Activity | An exact copy of the entries is required, excluding any pictures.

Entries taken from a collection
== Segment start ==

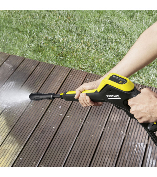 - Pistola Power Control y lanzas pulverizadoras con Quick Connect: El ajuste óptimo para cada superficie. Tres niveles de presión y un nivel de detergente. Monitorización completa: el display manual muestra los ajustes realizados. Conexión Quick Connect para la fácil fijación de manguera de alta presión y accesorios.
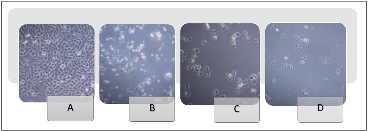 Ciprofloxacin exhibited cytotoxic effects on cervical cancer cells, inhibiting cellular proliferation, which intensified with higher concentrations of ciprofloxacin and more extended incubation periods. The latter factor has a more pronounced effect on growth inhibition than concentration. The decline in the IC50 level between each incubation period indicated a time-dependent manner of growth inhibition (Table 2).
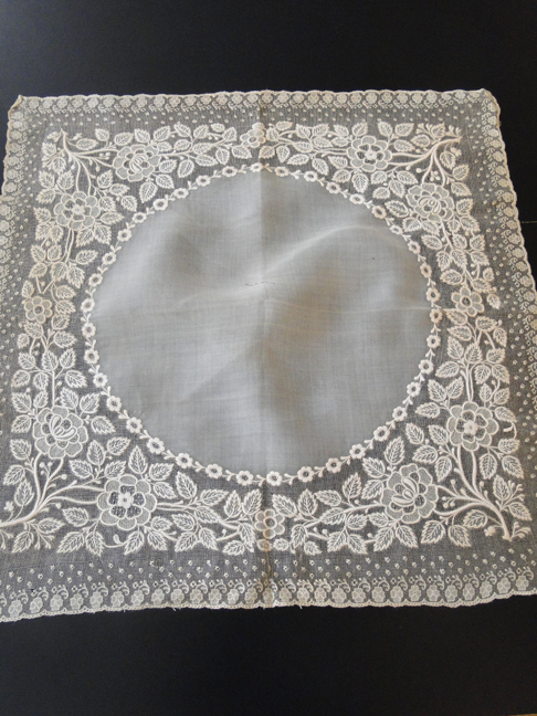 Comments: A Brussels Duchesse handkerchief. Unfortunately not all the photos are present, but it appears to be a fairly conventional design with good raised work and raised petal roses in the Point de Gaze. Can’t tell much about condition, but I do see one gap in a Pt de G insert, looks repairable.
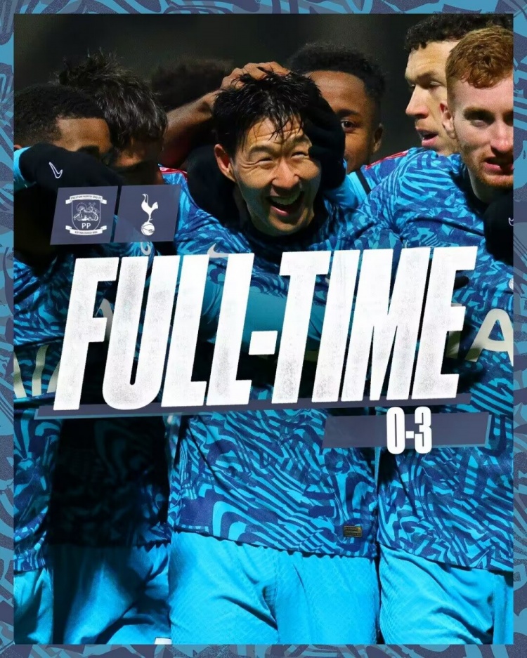 下半场补时3分钟,最终,热刺客场3-0普雷斯顿。
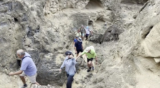 Read moreWe took a short panga ride from our HX ship for a morning visit to the beach of Punta Pitt. We watched sea lion moms and pups sunning themselves on the sand. A sea lion dad chased 2 pups out of the water to protect them. Part of our tour did the rocky hike up to see the red-footed boobies. The sea lions were unafraid and watched our group from where they lay. After our beach walk, we rode a panga along the island's shore. We spotted fur seals and Nazca boobys on the rocks, and Frigate birds...

== Segment end ==

Answer for the task |
 - Pistola Power Control y lanzas pulverizadoras con Quick Connect: El ajuste óptimo para cada superficie. Tres niveles de presión y un nivel de detergente. Monitorización completa: el display manual muestra los ajustes realizados. Conexión Quick Connect para la fácil fijación de manguera de alta presión y accesorios.
 Ciprofloxacin exhibited cytotoxic effects on cervical cancer cells, inhibiting cellular proliferation, which intensified with higher concentrations of ciprofloxacin and more extended incubation periods. The latter factor has a more pronounced effect on growth inhibition than concentration. The decline in the IC50 level between each incubation period indicated a time-dependent manner of growth inhibition (Table 2).
 Comments: A Brussels Duchesse handkerchief. Unfortunately not all the photos are present, but it appears to be a fairly conventional design with good raised work and raised petal roses in the Point de Gaze. Can’t tell much about condition, but I do see one gap in a Pt de G insert, looks repairable.
 下半场补时3分钟,最终,热刺客场3-0普雷斯顿。
 Read moreWe took a short panga ride from our HX ship for a morning visit to the beach of Punta Pitt. We watched sea lion moms and pups sunning themselves on the sand. A sea lion dad chased 2 pups out of the water to protect them. Part of our tour did the rocky hike up to see the red-footed boobies. The sea lions were unafraid and watched our group from where they lay. After our beach walk, we rode a panga along the island's shore. We spotted fur seals and Nazca boobys on the rocks, and Frigate birds...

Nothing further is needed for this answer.